Servers started, exiting
# 23:12:55 Establishing replication, mode row ...
# 23:12:56 Starting
# 23:12:56  gentest.pl \
# 23:12:56  --gendata=conf/bug40258.zz \
# 23:12:56  --rpl_mode=row \
# 23:12:56  --threads=10 \
# 23:12:56  --queries=2000 \
# 23:12:56  --duration=3600 \
# 23:12:56  --dsn1=dbi:mysql:host=127.0.0.1:port=19306:user=root:database=test \
# 23:12:56  --grammar=conf/bug40258.yy
# 23:12:57 Creating table table10_int_autoinc .
# 23:12:57 Reporters: ErrorLog, Backtrace
# 23:12:57 Validators: ErrorMessageCorruption, ReplicationSlaveStatus
# 23:12:57 Starting 10 processes, 2000 queries each, duration 3600 seconds.
# 23:12:57 Query: UPDATE `table10_int_autoinc` SET `char` = 'been' WHERE `char` > e ORDER BY `char` failed: 1054 Unknown column '%s' in 'where clause'.Further errors of this kind will be suppressed.
# 23:12:57 Query: UPDATE `table10_int_autoinc` SET `char` = c WHERE `char_key` = 'my' ORDER BY `char_key` failed: 1054 Unknown column '%s' in 'field list'. Further errors of this kind will be suppressed.
# 23:12:57 Query: UPDATE `table10_int_autoinc` SET `char` = 'he' WHERE `char` < f ORDER BY `char_key` failed: 1054 Unknown column '%s' in 'where clause'. Further errors of this kind will be suppressed.
# 23:12:57 Query: UPDATE `table10_int_autoinc` SET `char` = k WHERE `char` > 'been' ORDER BY `char` failed: 1054 Unknown column '%s' in 'field list'. Further errors of this kind will be suppressed.
# 23:12:58 Started periodic reporting process...
# 23:12:58 Query: DELETE FROM `table10_int_autoinc` WHERE `char_key` = o LIMIT 1 failed: 1054 Unknown column '%s' in 'where clause'. Further errors of this kind will be suppressed.
# 23:12:58 Query: INSERT INTO `table10_int_autoinc` ( `char_key` ) VALUES (g ) failed: 1054 Unknown column '%s' in 'field list'. Further errors of this kind will be suppressed.
# 23:12:58 Query: INSERT INTO `table10_int_autoinc` ( `char` ) VALUES ( d )failed: 1054 Unknown column '%s' in 'field list'. Further errors of this kind will be suppressed.
# 23:12:58 Query: UPDATE `table10_int_autoinc` SET `char_key` = 'would' WHERE `char_key` = l ORDER BY `char` failed: 1054 Unknown column '%s' in 'whereclause'. Further errors of this kind will be suppressed.
# 23:12:59 Query: UPDATE `table10_int_autoinc` SET `char` = j WHERE `char` = m ORDER BY `char` failed: 1054 Unknown column '%s' in 'where clause'. Further errors of this kind will be suppressed.
[10 Mar 2009 7:14] Philip Stoev
Guangbao Ni, this test uses random queries. Therefore, messages such as "unknown column", "column specified twice", and transaction errors are to be expected due to the random nature of the test.
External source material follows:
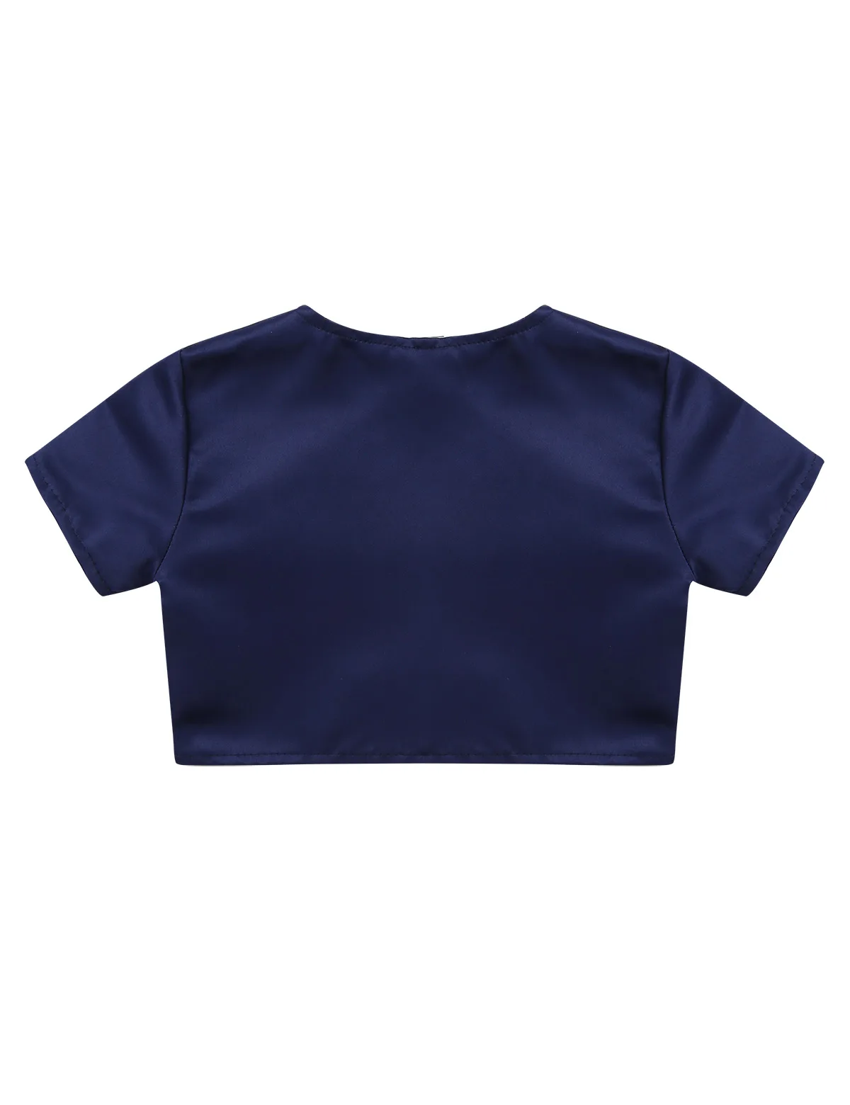 Короткие рукава, круглый вырез. Открытый дизайн спереди. Длина выше талии и с подкладкой.

Please ignore all those errors and focus on the replication-related errors, that is, on messages that the slave has stopped or that the master and the slave have diverged.
[10 Mar 2009 7:55] Guangbao Ni
Hello Philip Stoev,

Besides above error messages, many "1213 deadlock found when trying to get lock; try restarting transaction" error messages are outputed.
But at last, the test case can be excuted succesfully from my test.

So I want to know whether you still get the problem with newest source codes of 5.1/6.0-bugteam tree.

Thanks,

/Guangbao
[13 Mar 2009 11:05] Philip Stoev
This bug is no longer repeatable on 5.1-bugteam and 6.0-main.